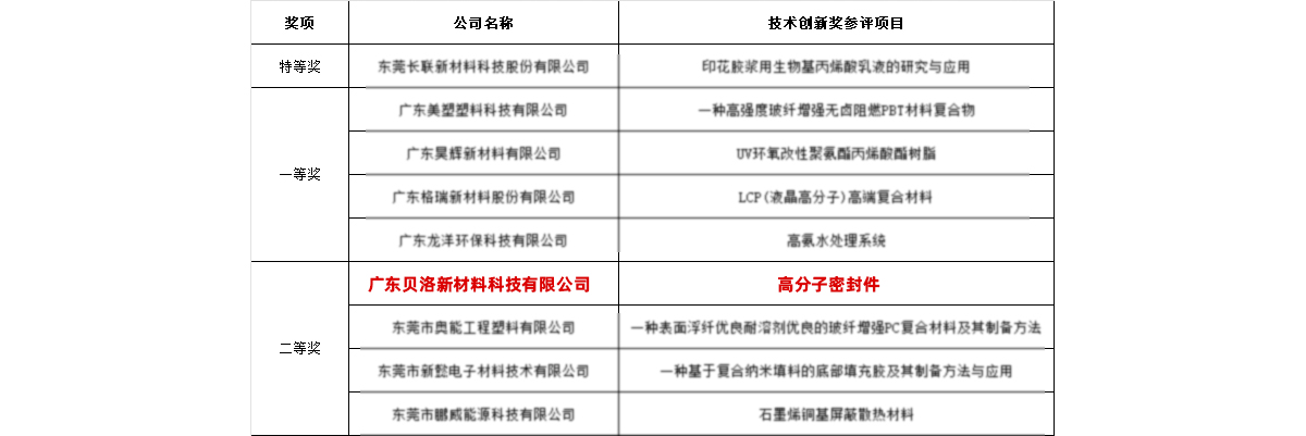 貝洛新材經(jīng)過東莞市新材料行業(yè)協(xié)會(huì)組織的相關(guān)專家對(duì)申報(bào)項(xiàng)目及企業(yè)進(jìn)行審查后,獲“新材料技術(shù)創(chuàng)新獎(jiǎng)”二等獎(jiǎng)。
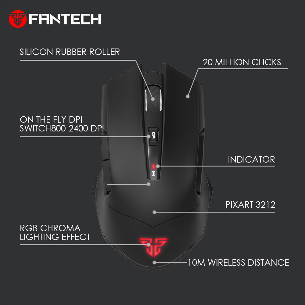 Chuột Không Dây Gaming LED RGB 2400DPI PiXart 3212 cho Game Thủ FANTECH WGC1 - Hãng phân phối chính thức
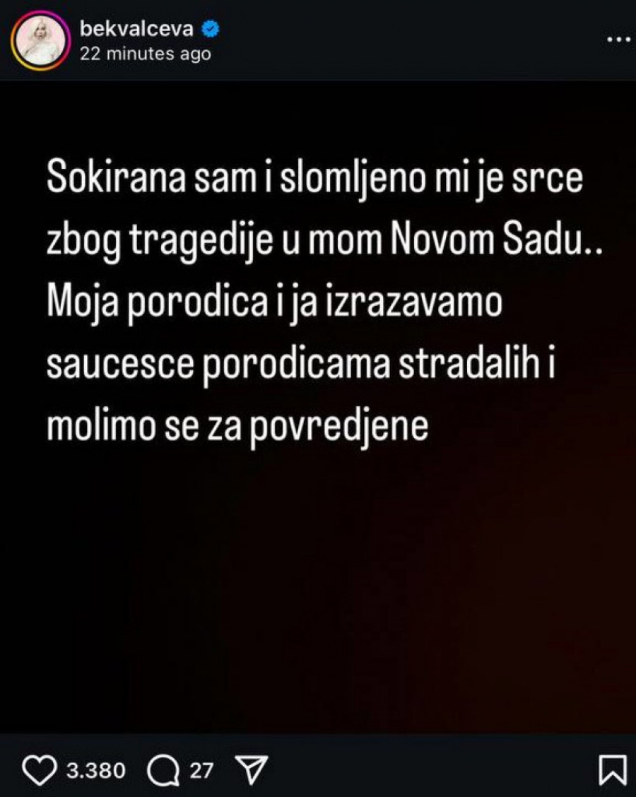 - Šokirana sam i slomljeno mi je srce zbog tragedije u Novom Sadu... moja porodica i ja izražavamo saučešće porodicama stradalih i molimo se za povređene - napisala je pevačica u objavi.
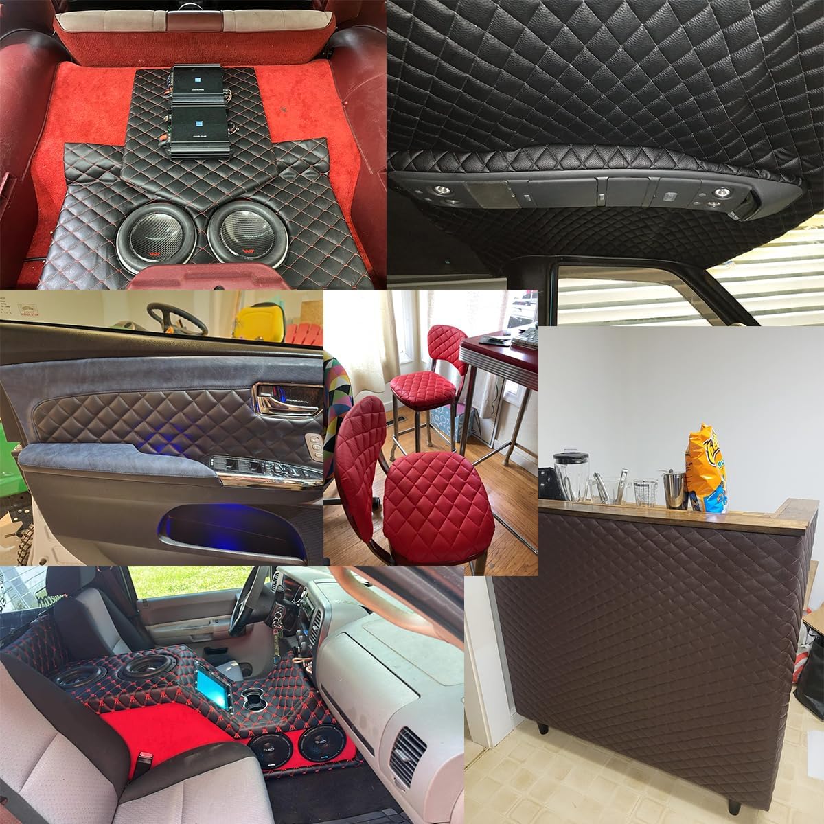 Diamond Quilted Faux Leather Vinyl Foam Backed Automotive, Headliner, Furniture Upholstery, DIY Projects, Headboards, Home Decor & More Size: (L*W)100 x 155 cm/39.4 x 59 inch Due to transportation restrictions, the product needs to be folded when it is sent, and there will be some creases after receiving the goods,It will be restored after a few days.
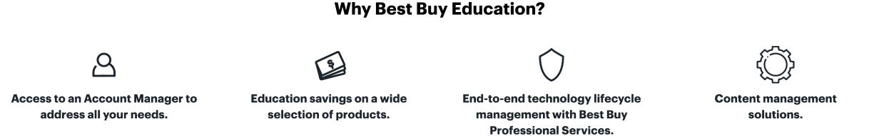 Best Buy Education is here to assist you in creating a successful learning environment for universities, colleges, and other post-secondary institutions. You can work with our Account Managers to place large orders with education pricing and flexible payment options including Net 30 credit account (based on eligibility), credit card, and more.

REQUIRED WORK | Pictures are to be excluded; everything else in the records must be reproduced exactly.

TASK ANSWER |
 貝洛新材經(jīng)過東莞市新材料行業(yè)協(xié)會(huì)組織的相關(guān)專家對(duì)申報(bào)項(xiàng)目及企業(yè)進(jìn)行審查后,獲“新材料技術(shù)創(chuàng)新獎(jiǎng)”二等獎(jiǎng)。
 Chuột Không Dây Gaming LED RGB 2400DPI PiXart 3212 cho Game Thủ FANTECH WGC1 - Hãng phân phối chính thức
 - Šokirana sam i slomljeno mi je srce zbog tragedije u Novom Sadu... moja porodica i ja izražavamo saučešće porodicama stradalih i molimo se za povređene - napisala je pevačica u objavi.
 Diamond Quilted Faux Leather Vinyl Foam Backed Automotive, Headliner, Furniture Upholstery, DIY Projects, Headboards, Home Decor & More Size: (L*W)100 x 155 cm/39.4 x 59 inch Due to transportation restrictions, the product needs to be folded when it is sent, and there will be some creases after receiving the goods,It will be restored after a few days.
 Best Buy Education is here to assist you in creating a successful learning environment for universities, colleges, and other post-secondary institutions. You can work with our Account Managers to place large orders with education pricing and flexible payment options including Net 30 credit account (based on eligibility), credit card, and more.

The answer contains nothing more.